# trigiano leisure battery



## 98667 (Apr 14, 2006)

Hi all,

I have a 2003 trigano tribute. The leisure battery 85amp is looking dead, so was going to replace. 

Has anyone any experience of changing this to two 120amp batteries. Where do you position the other battery as the current space is too small.

How do the monitoring devices work with the extra battery and power. E.g. the power charge indicator, will it still work to show you the current charge of the two batteries now?

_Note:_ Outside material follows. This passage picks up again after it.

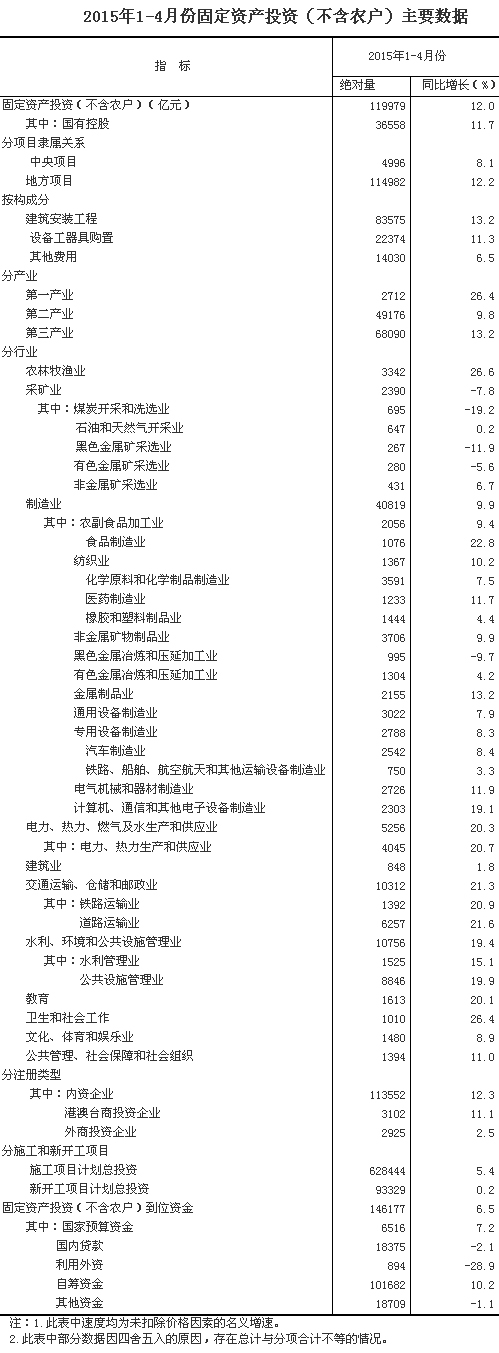 2015年1-4月份,全國(guó)固定資產(chǎn)投資(不含農(nóng)戶)119979億元,同比名義增長(zhǎng)12.0%,增速比1-3月份回落1.5個(gè)百分點(diǎn)。從環(huán)比速度看,4月份固定資產(chǎn)投資(不含農(nóng)戶)增長(zhǎng)0.89%。

Any info or links to how to do this would be much appreciated

Thanks

Ron


----------



## Scotjimland (May 23, 2005)

inishfree said:


> Where do you position the other battery as the *current space is too small.*


Hi Ron, nice play on words .. :lol:

Sorry, I can't advise on where to position the second battery, just general advice. 
If at all possible site it as close to the existing one as possible, failing that choose a location that is ventilated and preferably outside the habitation area. Route two heavy cables between them but you must fuse both ends of the positive cable if there is the remotest possibility of it getting damaged. 
Your existing equipment, battery voltage etc will work perfectly, if you need more advice on cable sizes, connecting etc please ask or PM me.

A handy link 
http://www.ccis.com/home/mnemeth/12volt/12volt.htm


----------



## 98667 (Apr 14, 2006)

*Trigano tribute battery replacement*

Thanks for that. Could I trouble you for a few more points.

The current battery is in a plastic container under a long side seat. This contains the water heater and hot air heater, so no more room for another battery here.

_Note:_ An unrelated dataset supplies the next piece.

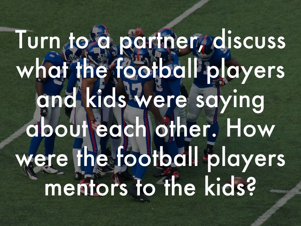Turn to a partner, discuss what the football players and kids were saying about each other. How were the football players mentors to the kids?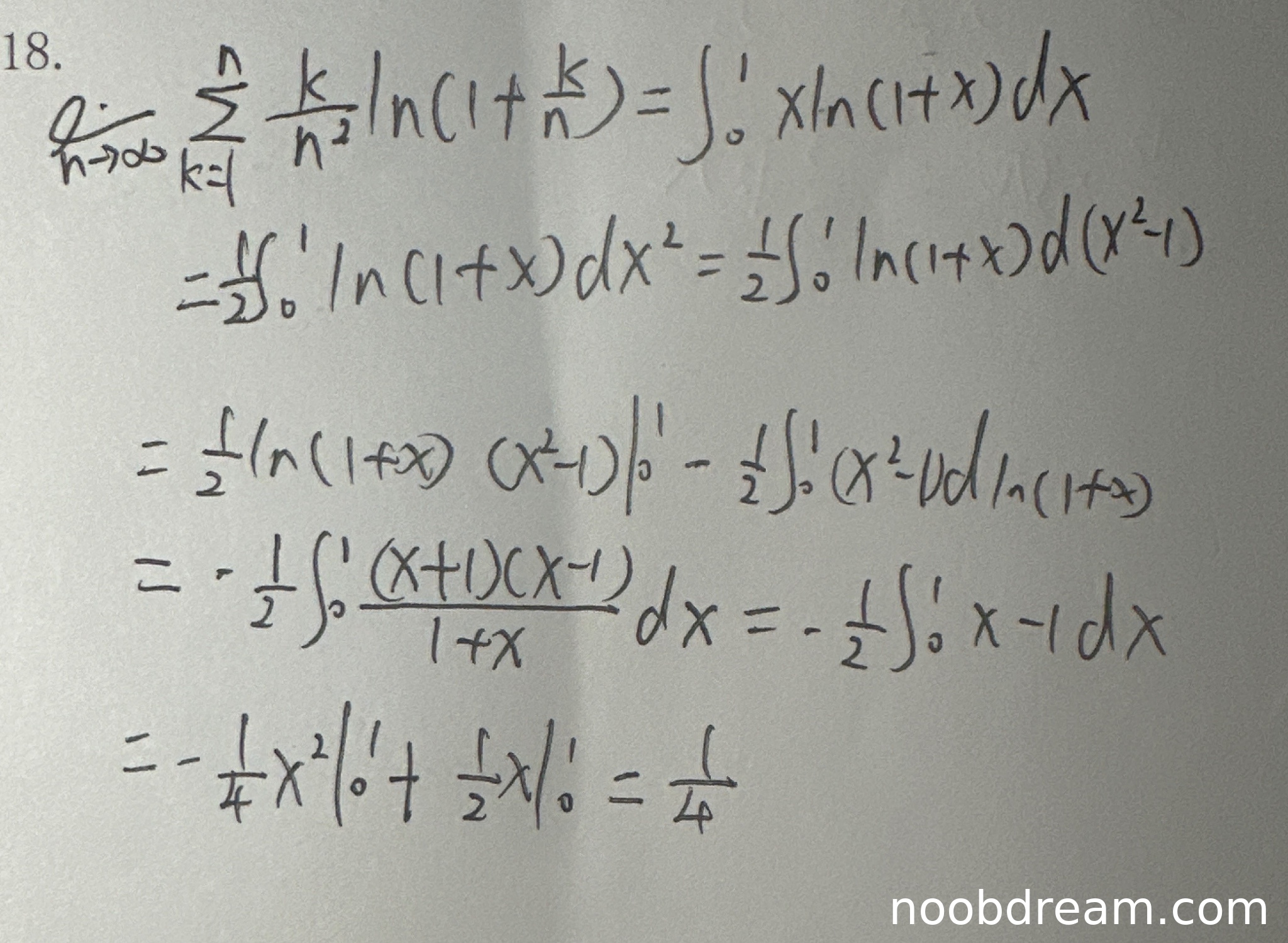 第二次识别结果完整正确:正确将极限转化为定积分 \(\int_{0}^{1} x\ln(1+x)dx\),分部积分过程正确,代数化简准确,最终得到正确答案 \(\frac{1}{4}\)。

Could I run 7 foot connection cable to another battery I could place under the drivers seat?

If so what size of cable would I use. I mention this idea because I read of another trigano owner having 2 batteries under each seat at the front. I had something similar in my VW T25 but it didn't enclose them in plastic container.

This leads me to the other point around safety. You mentioned try and position outside of vehicle, but the trigano tribute is built with the existing battery inside? How much of a risk will it be if I put another battery under the driver seat (as per my T25 arrangement) I can't see any other room for it.

This then leads to the quesiton of weither I need the second battery. I just assumed this would make sense to keep a good power supply seeing I nearly always wild camp at the weekends.

If I'm still making sense, then the choice of which battery make to go for is next. I've heard I'd be best to buy 2 new batteries so that they both have the same power to be run in parallel. Gel or standard water? Also seen these http://www.elecsol.com/. I really need advice on best make as they all look the same to me without any prior knowledge, and the main let down with the van at the minute is lack of 12 volt power when away.

Thanks for all the help so far

Ron


----------



## RobMD (May 9, 2005)

Hi Ron!

There has been a lot of discussion on batteries in the forum, so put out a search for them if you want different opinions.

As far as what to go for and where, Ideally they should be exterior to the van, but on smaller vehicles it isn't always practical. I have one under each front seat. If you place them there the largest you will probably get in the space is around 85 Ah. 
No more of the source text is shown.